• Experts canvass effective communications
Stakeholders have said hate remarks by political office holders were fueling the raging violent attacks in the country.At a roundtable on “curbing hate speech in Nigeria’s public space” organised by the Centre for Peace and Development (CEPAD) of Veritas University in Abuja, they argued that the ongoing attacks in the polity were an offshoot of hate comments and actions by those in government.
The stakeholders therefore urged government officials to be mindful of their utterances, just as they warned against enactment of laws that could gag the press and suppress the freedom of expression under the pretext of fighting hate speech, insisting that responsible and good leadership remains the only way to curb the menace.
Speaking at the event, Mr. Martins Oloja of The Guardian accused politicians of trying to criminalise the freedom of speech, noting that government needs to address the issue of injustice and impunity to tame the spread of hate remarks in the country.
He said: “We have been talking about peace but no one is crying for justice. The government needs to do something about poor performance. They need to address the poverty in the land and they also need to do something about the culture of impunity.
“You cannot charge a peaceful demonstrator and freedom fighter who has not killed anybody for treason and yet ask persons who killed hundreds of farmers and occupied their land to go scot free and expect love speech.”
To the Executive Director of Policy and Legal Advocacy Centre also in the Federal Capital Territory (FCT), Mr. Clement Nwankwo, the criticism of government polices should not be seen as hate speech.He said it was wrong for government to harass citizens demanding for good governance through tagging them as distributors of hate speech.
In her remarks, Prof. M. Sylvester of the English Department, University of Abuja who urged government to decisively tackle the killings in the land, nevertheless stressed the need for political leaders to bear in mind honesty and trust while dealing with national issues.
However, scholars and language experts in institutions of higher learning across the federation have been challenged to make politicians and their supporters understand that their opinions on any issue could be aired without venom as the 2019 general elections fast approach.
The Vice Chancellor, Lagos State University (LASU), Ojo, Prof. Olanrewaju Fagbohun, who made the appeal at the inaugural workshop of the Nigerian Pragmatics Association (NPrA) in Lagos, warned that the nation was on the precipice, and as such, everything must be done to address issues related to effective use of language and communications in the society.

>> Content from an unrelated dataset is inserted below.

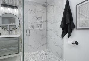 The ground-level family room is warm and inviting with a 3-piece bathroom, and a spacious

With the theme, Current Trends in Pragmatics Research: Theory and Practice, the gathering brought together scholars from various universities who are researching into the use of language in multifarious contexts.
Represented by the Deputy Vice Chancellor, (Administration), Prof. Damola Oke, Fagbohun regretted the mindless killings nationwide, urging the experts to tailor their studies to make speakers deploy appropriate language for harmony and peaceful coexistence among the ethnic nationalities in a multi-ethnic nation like Nigeria.
The guest speaker and Professor of Linguistics, University of Ghana, Accra Legon, Nana Aba Appiah Amfo, tasked the scholars to carry out research that revolves around social, cultural, political, health and gender issues as well as proffer solutions to pressing issues in the society.
Urging politicians to go back to African cultural values, she noted: “Such values prohibit insults and hate speech. You can disagree with somebody but you do so politely.“In African context, you don’t talk about unpleasant things or speak rudely. So our politicians need to recognise this and go back to African cultural values.”